» **Your goal**: All records below are to be duplicated exactly, with every picture excluded.

» **Material supplied**:
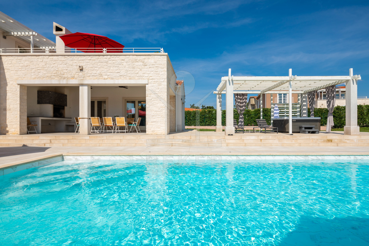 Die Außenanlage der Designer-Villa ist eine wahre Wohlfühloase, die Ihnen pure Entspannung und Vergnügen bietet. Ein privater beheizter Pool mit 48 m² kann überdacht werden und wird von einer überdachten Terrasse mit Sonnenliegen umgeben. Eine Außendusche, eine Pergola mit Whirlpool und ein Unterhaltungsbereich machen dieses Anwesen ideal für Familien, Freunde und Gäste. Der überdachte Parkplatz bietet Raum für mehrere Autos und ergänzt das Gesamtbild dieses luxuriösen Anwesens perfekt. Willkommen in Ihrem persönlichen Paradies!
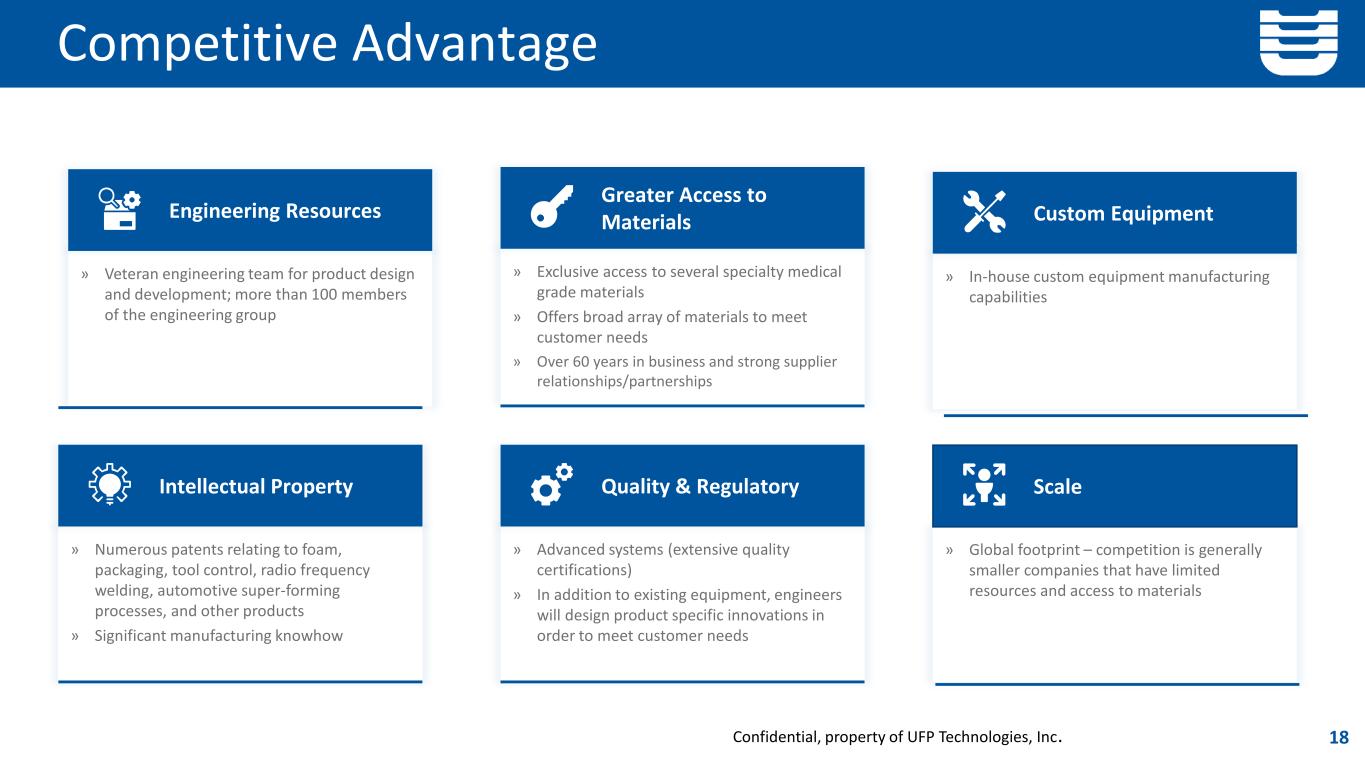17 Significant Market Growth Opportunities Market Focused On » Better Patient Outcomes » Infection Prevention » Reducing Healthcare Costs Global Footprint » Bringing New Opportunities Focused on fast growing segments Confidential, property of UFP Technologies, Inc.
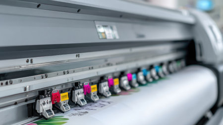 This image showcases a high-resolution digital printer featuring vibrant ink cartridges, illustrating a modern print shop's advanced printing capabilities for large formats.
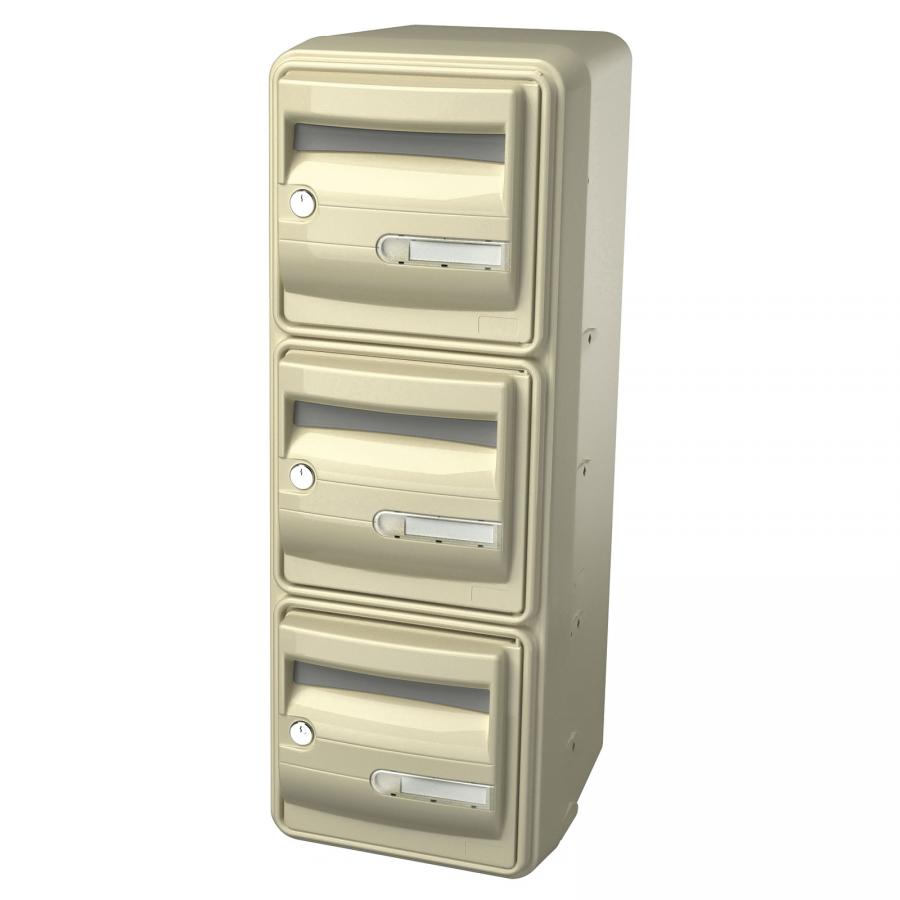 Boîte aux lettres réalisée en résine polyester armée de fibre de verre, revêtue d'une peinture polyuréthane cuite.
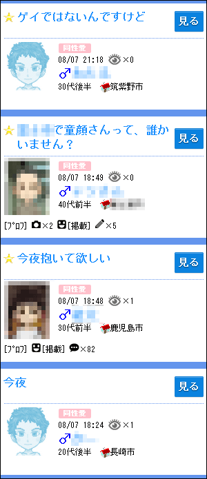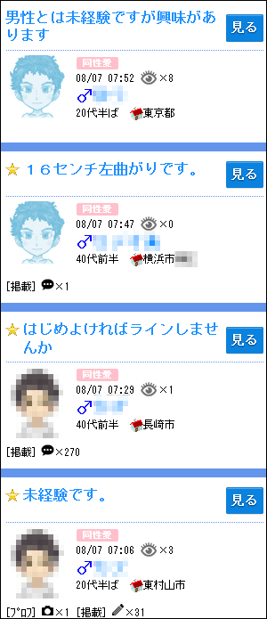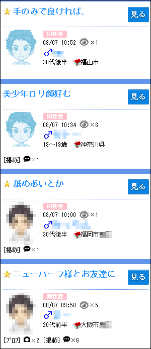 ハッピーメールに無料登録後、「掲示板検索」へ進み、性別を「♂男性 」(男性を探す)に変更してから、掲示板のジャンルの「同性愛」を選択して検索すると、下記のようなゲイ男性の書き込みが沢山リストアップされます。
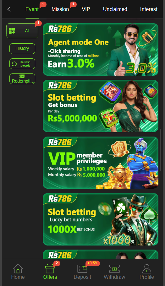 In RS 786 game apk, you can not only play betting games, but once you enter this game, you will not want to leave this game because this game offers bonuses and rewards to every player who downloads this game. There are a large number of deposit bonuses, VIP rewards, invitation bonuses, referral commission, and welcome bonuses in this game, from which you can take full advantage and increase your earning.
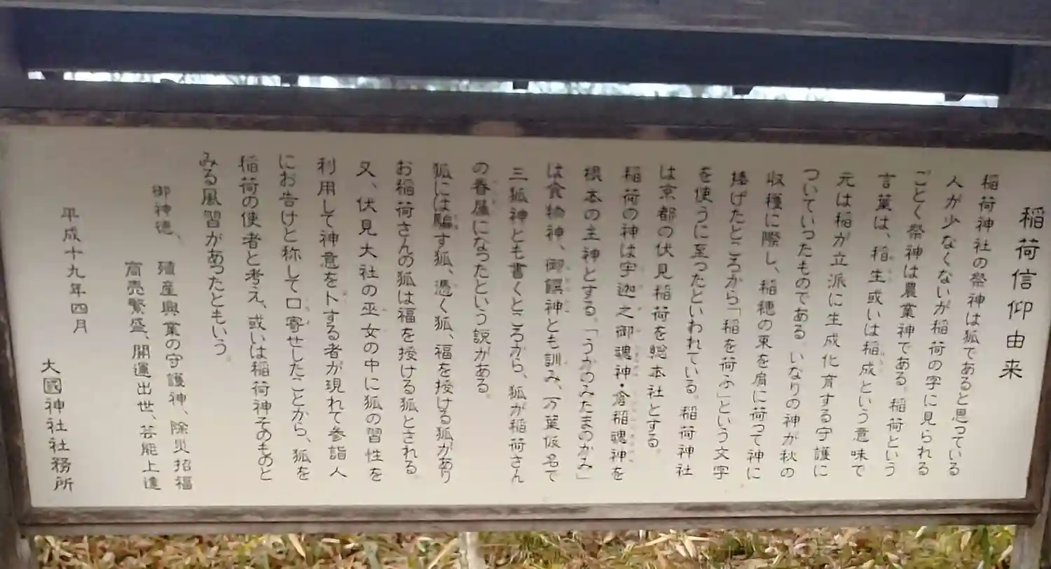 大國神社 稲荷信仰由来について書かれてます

» **Reply**:
 Die Außenanlage der Designer-Villa ist eine wahre Wohlfühloase, die Ihnen pure Entspannung und Vergnügen bietet. Ein privater beheizter Pool mit 48 m² kann überdacht werden und wird von einer überdachten Terrasse mit Sonnenliegen umgeben. Eine Außendusche, eine Pergola mit Whirlpool und ein Unterhaltungsbereich machen dieses Anwesen ideal für Familien, Freunde und Gäste. Der überdachte Parkplatz bietet Raum für mehrere Autos und ergänzt das Gesamtbild dieses luxuriösen Anwesens perfekt. Willkommen in Ihrem persönlichen Paradies!
17 Significant Market Growth Opportunities Market Focused On » Better Patient Outcomes » Infection Prevention » Reducing Healthcare Costs Global Footprint » Bringing New Opportunities Focused on fast growing segments Confidential, property of UFP Technologies, Inc.
 This image showcases a high-resolution digital printer featuring vibrant ink cartridges, illustrating a modern print shop's advanced printing capabilities for large formats.
 Boîte aux lettres réalisée en résine polyester armée de fibre de verre, revêtue d'une peinture polyuréthane cuite.
 ハッピーメールに無料登録後、「掲示板検索」へ進み、性別を「♂男性 」(男性を探す)に変更してから、掲示板のジャンルの「同性愛」を選択して検索すると、下記のようなゲイ男性の書き込みが沢山リストアップされます。
 In RS 786 game apk, you can not only play betting games, but once you enter this game, you will not want to leave this game because this game offers bonuses and rewards to every player who downloads this game. There are a large number of deposit bonuses, VIP rewards, invitation bonuses, referral commission, and welcome bonuses in this game, from which you can take full advantage and increase your earning.
 大國神社 稲荷信仰由来について書かれてます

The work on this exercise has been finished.